> [What you are asked to do]:
All lines below containing "contenedores" are to be listed.

> [Stored dataset items]:
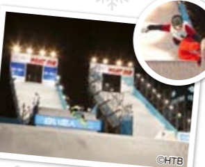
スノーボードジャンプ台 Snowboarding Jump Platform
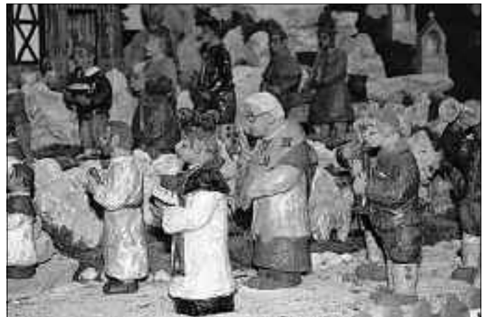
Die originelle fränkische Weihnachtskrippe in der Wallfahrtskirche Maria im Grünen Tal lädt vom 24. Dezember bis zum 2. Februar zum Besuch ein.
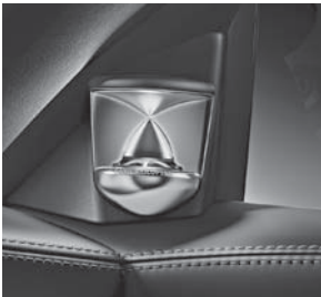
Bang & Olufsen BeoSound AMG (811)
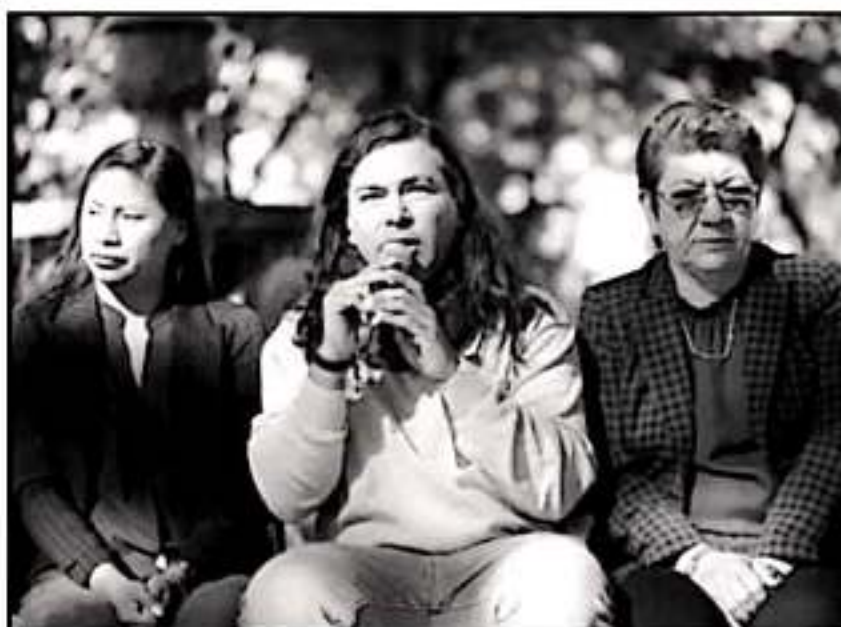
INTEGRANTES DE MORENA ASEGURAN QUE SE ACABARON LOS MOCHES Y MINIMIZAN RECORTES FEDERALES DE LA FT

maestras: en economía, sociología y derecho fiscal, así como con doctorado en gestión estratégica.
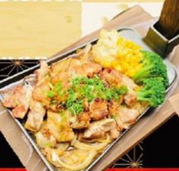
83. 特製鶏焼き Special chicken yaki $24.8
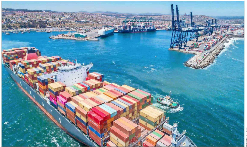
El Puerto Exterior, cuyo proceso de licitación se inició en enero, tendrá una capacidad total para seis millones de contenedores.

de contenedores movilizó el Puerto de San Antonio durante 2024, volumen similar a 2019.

--

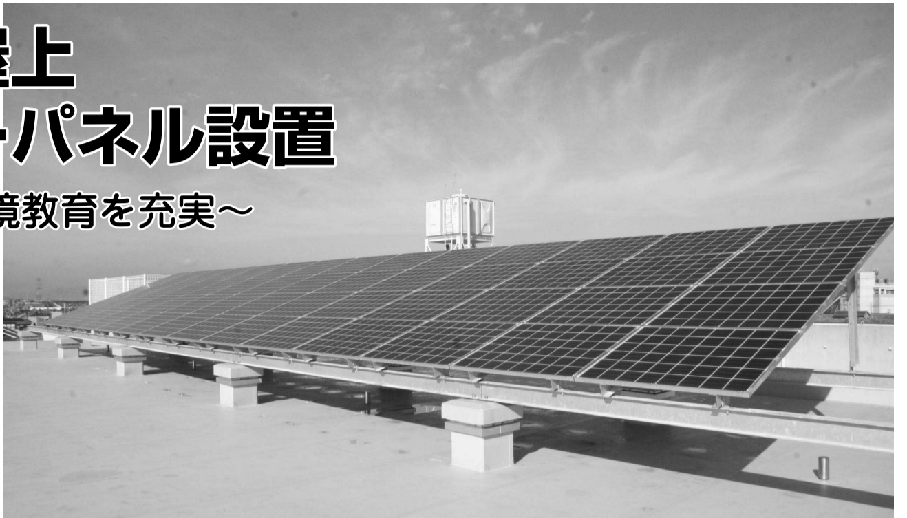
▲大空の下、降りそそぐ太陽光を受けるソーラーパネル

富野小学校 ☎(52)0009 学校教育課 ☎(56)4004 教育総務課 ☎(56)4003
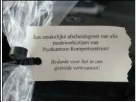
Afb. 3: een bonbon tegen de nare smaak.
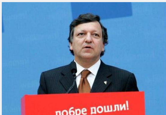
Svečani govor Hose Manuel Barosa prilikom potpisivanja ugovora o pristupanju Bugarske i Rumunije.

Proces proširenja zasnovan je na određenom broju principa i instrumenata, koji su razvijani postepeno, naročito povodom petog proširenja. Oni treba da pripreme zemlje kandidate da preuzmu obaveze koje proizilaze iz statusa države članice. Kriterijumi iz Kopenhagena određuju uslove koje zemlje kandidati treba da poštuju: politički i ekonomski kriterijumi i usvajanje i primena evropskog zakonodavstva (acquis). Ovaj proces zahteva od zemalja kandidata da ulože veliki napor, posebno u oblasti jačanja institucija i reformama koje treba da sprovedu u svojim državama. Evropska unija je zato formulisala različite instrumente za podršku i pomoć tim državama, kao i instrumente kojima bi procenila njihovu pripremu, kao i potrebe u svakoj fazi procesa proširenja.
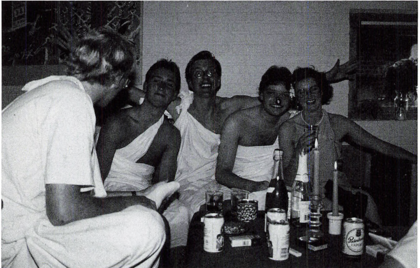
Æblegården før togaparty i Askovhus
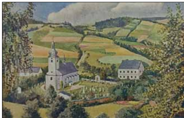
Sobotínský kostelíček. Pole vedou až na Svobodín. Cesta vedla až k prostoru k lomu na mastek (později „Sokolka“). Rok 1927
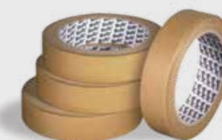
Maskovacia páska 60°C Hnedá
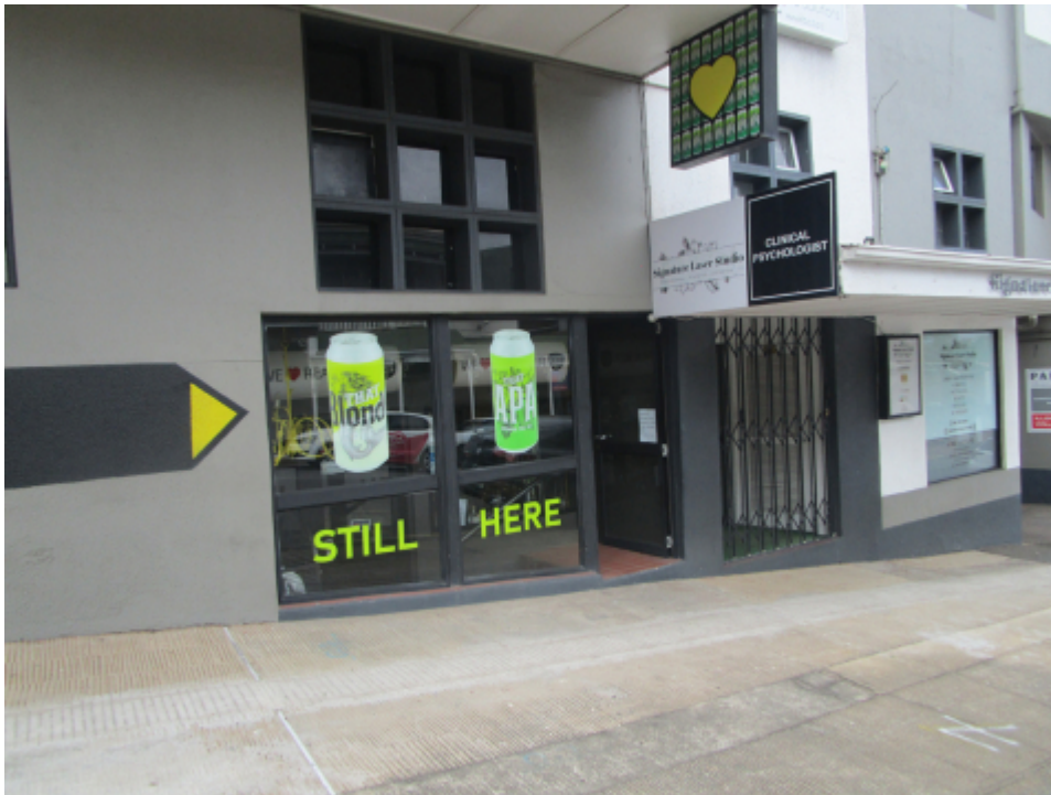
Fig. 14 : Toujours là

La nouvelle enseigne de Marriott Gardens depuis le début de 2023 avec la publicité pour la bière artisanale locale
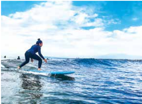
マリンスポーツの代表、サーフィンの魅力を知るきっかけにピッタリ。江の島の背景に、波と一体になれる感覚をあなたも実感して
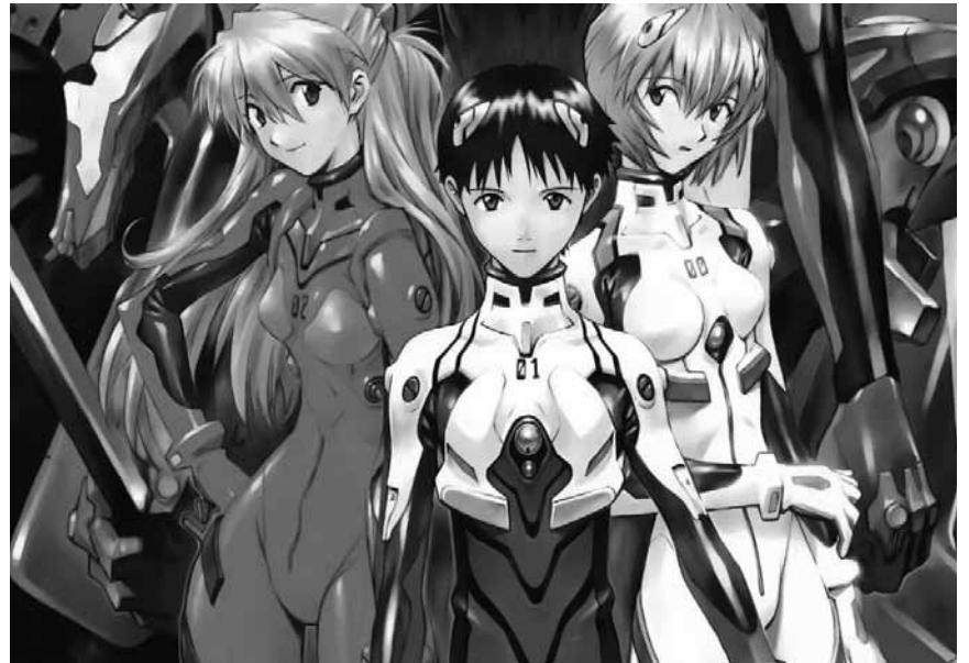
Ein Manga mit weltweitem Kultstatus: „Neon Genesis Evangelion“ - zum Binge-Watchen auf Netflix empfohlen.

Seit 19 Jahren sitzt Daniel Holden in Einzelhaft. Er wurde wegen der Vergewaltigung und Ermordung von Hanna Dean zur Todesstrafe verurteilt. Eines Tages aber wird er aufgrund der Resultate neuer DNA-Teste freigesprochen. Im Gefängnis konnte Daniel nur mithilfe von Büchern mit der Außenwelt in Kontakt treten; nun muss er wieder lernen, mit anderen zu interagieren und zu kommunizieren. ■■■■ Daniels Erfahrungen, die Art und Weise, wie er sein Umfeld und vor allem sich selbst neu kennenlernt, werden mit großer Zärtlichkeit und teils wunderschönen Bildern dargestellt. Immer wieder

> [Answer to the problem]:
El Puerto Exterior, cuyo proceso de licitación se inició en enero, tendrá una capacidad total para seis millones de contenedores.
de contenedores movilizó el Puerto de San Antonio durante 2024, volumen similar a 2019.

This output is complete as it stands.